The Justice Department claims that, out of almost 4,000 new applications for a concealed carry permit the sheriff's department received over a 15-month period, only two were issued.

LOS ANGELES (CN) — The U.S. attorney in Los Angeles sued the Los Angeles County Sheriff’s Department on Tuesday, claiming that the lengthy delays in processing and issuing concealed carry permits violate the Second Amendment rights of people who want to arm themselves when they leave the house.

“This case concerns more than administrative delays — it addresses a coordinated effort by defendants to nullify through bureaucratic obstruction what they cannot deny through law,” federal prosecutors said in their complaint. “When constitutional rights are deliberately delayed beyond any reasonable timeframe, they are effectively denied.”

The sheriff’s department received 3,982 new applications for concealed carry permits, as opposed to renewal requests, between January 2024 and March 2025, attorneys with the Justice Department’s Civil Rights Division claim, from which only two permits were issued.

Applicants have to wait an average of 281 days — over nine months — just for the sheriff’s department to begin processing their applications, with some waiting as long as 1,030 days, or nearly three years, the Justice Department added.

The federal government is suing the sheriff’s department under the 1994 Violent Crime Control and Law Enforcement Act over what it says is a pattern or practice of conduct by law enforcement officers that deprives people of rights secured and protected by the Constitution.

The U.S. seeks an injunction that prohibits the sheriff’s department from implementing state law, which requires that the department provide concealed carry applicants with an initial approval or denial for a new license within 90 days, in a manner that violates the Second Amendment.
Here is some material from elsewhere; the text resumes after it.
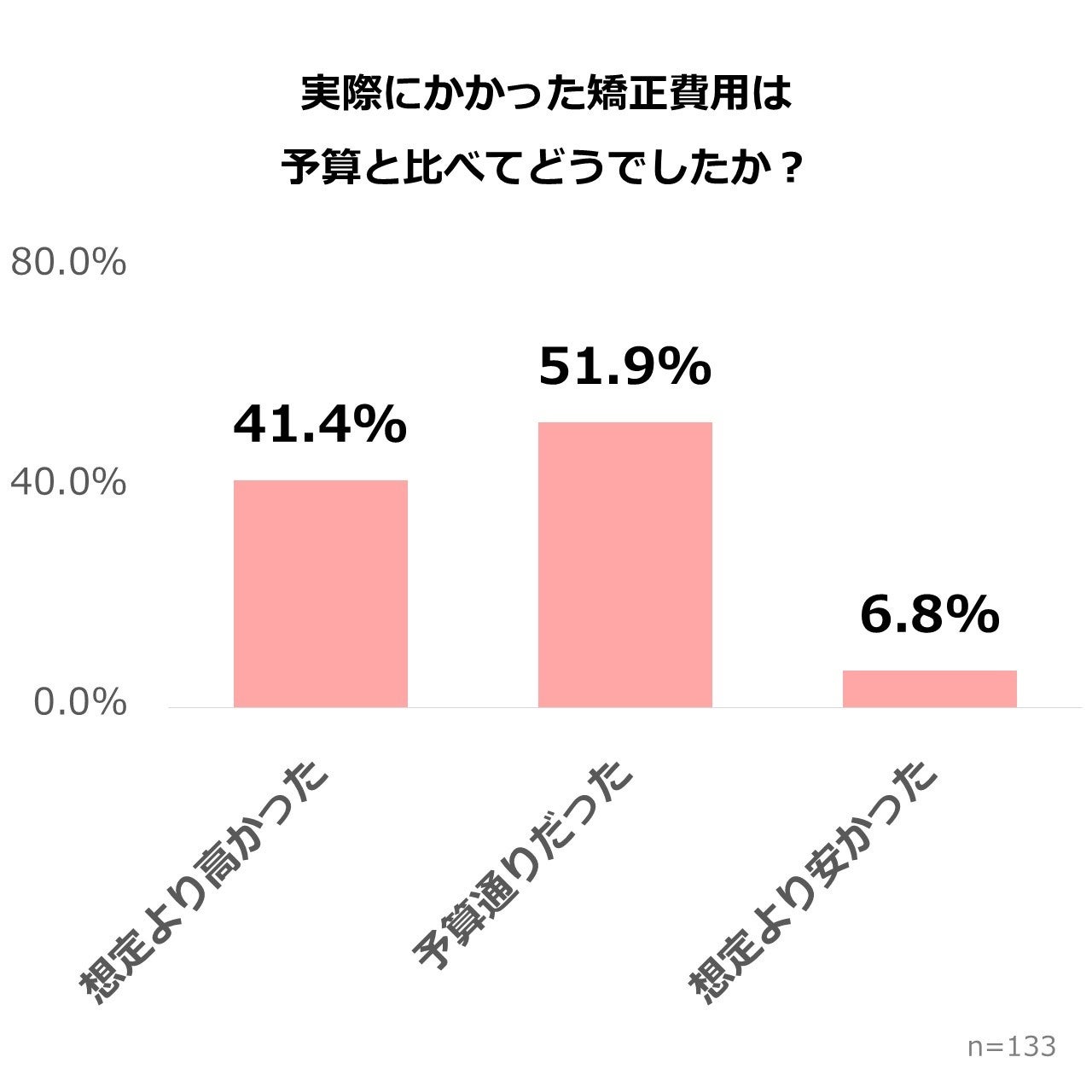 調査結果によると、マウスピース矯正経験者の4割以上が当初想定していた予算を超過しており、その平均超過額は17.7万円でした。

The sheriff department said in a statement late Tuesday that, contrary to the statistics and information cited by the Department of Justice in its complaint, it has been issuing concealed carry permits at a significantly increased rate.

The department cited a transition from a manual, paper-based system to an online system that streamlines the application process as well as staffing shortages as reasons for the backlog in issuing the permits.

“We remain committed to addressing all applications fairly, promptly, and with a balanced approach,” the sheriff’s department said. “We are confident a fair and impartial review of our efforts will show that the department has not engaged in any pattern or practice of depriving individuals of their Second Amendment rights.”

The U.S. attorney’s complaint echoes that of Second Amendment advocates who sued the LA County Sheriff’s Department as well as a local police department two years ago over failing to timely process concealed carry applications in the wake of the 2022 U.S. Supreme Court’s landmark* Bruen*  ruling.

“In anticipation of bad-faith efforts to obstruct its ruling in recalcitrant jurisdictions, the Bruen  court expressly invited challenges such as this one,” the California Rifle & Pistol Association and the Second Amendment Foundation said in their Dec. 4, 2023, complaint, referring to the Supreme Court decision.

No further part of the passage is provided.